Calculate distances to a user-defined anchor point

This example shows how to use squidpy.tl.var_by_distance() to calculate the minimum distances of all observations to a user-defined anchor point, store the results in anndata.AnnData.obsm and plot the expression by distance. using squidpy.pl.var_by_distance().

import squidpy as sq

First, let’s download the MIBI-TOF dataset.
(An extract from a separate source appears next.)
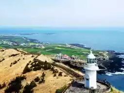 Perched at the tip of Udo Island, Udo Lighthouse offers a striking contrast between the blue sea and the white building. The area around the lighthouse is a popular trekking course, offering breathtaking views and a cool sea breeze. The sunrise and sunset are particularly beautiful, attracting many travelers seeking photos. The lighthouse, nestled against the surrounding silver grass fields, creates an exotic atmosphere, showcasing a different charm each season. Udo Lighthouse, adding to the tranquil atmosphere of Udo, is a highlight of any island trip.
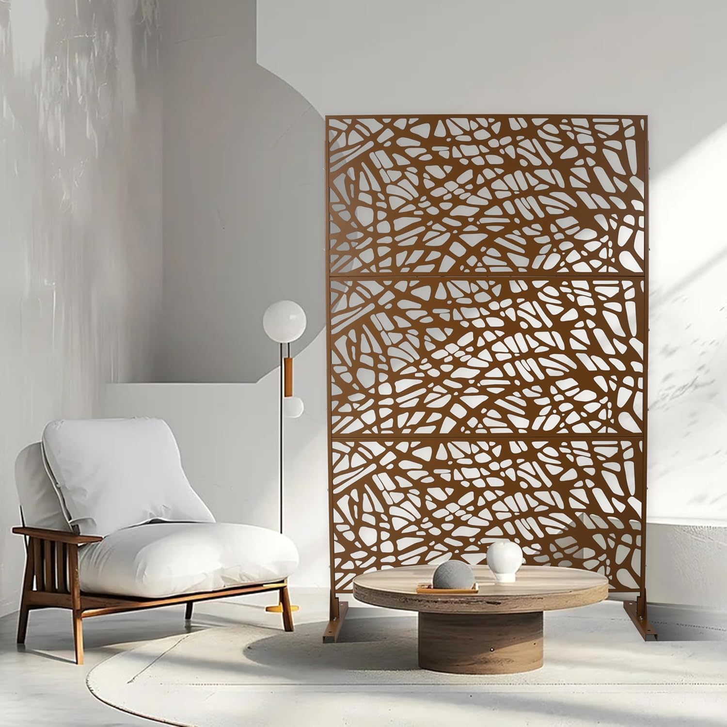 Metal Privacy Screens 76" H Outdoor Privacy Screens Panels Outdoor and Indoor Branch Pattern Divider Freestanding Decorative for Balcony Patio Garden Room Divider, Brown

adata = sq.datasets.mibitof()

This data set contains a cell type annotation in anndata.AnnData.obs["Cluster"] and a slide annotation in anndata.AnnData.obs["library_id"]

adata.obs
row_num point cell_id X1 center_rowcoord center_colcoord cell_size category donor Cluster batch library_id
3034-0 3086 23 2 60316.0 269.0 7.0 408.0 carcinoma 21d7 Epithelial 0 point23
3035-0 3087 23 3 60317.0 294.0 6.0 408.0 carcinoma 21d7 Epithelial 0 point23
3036-0 3088 23 4 60318.0 338.0 4.0 304.0 carcinoma 21d7 Imm_other 0 point23
3037-0 3089 23 6 60320.0 372.0 6.0 219.0 carcinoma 21d7 Myeloid_CD11c 0 point23
3038-0 3090 23 8 60322.0 417.0 5.0 303.0 carcinoma 21d7 Myeloid_CD11c 0 point23
... ... ... ... ... ... ... ... ... ... ... ... ...
47342-2 48953 16 1103 2779.0 143.0 1016.0 283.0 carcinoma 90de Fibroblast 2 point16
47343-2 48954 16 1104 2780.0 814.0 1017.0 147.0 carcinoma 90de Fibroblast 2 point16
47344-2 48955 16 1105 2781.0 874.0 1018.0 142.0 carcinoma 90de Imm_other 2 point16
47345-2 48956 16 1106 2782.0 257.0 1019.0 108.0 carcinoma 90de Fibroblast 2 point16
47346-2 48957 16 1107 2783.0 533.0 1019.0 111.0 carcinoma 90de Fibroblast 2 point16

3309 rows × 12 columns

For each slide we now want to calculate the distance of all observations to the closest Epithelial cell. In addition we want to include the condition of the donors and the donor id in the resulting design matrix As we don’t create a copy, the result will be stored in anndata.AnnData.obsm.

sq.tl.var_by_distance(
    adata=adata,
    groups="Epithelial",
    cluster_key="Cluster",
    library_key="library_id",
    covariates=["category", "donor"],
)

Since we didn’t specify a name, the resulting data frame is called “design_matrix”. NaN values indicate, that the observation belongs to an anchor point or that the coordinates for this observation weren’t available from the beginning on.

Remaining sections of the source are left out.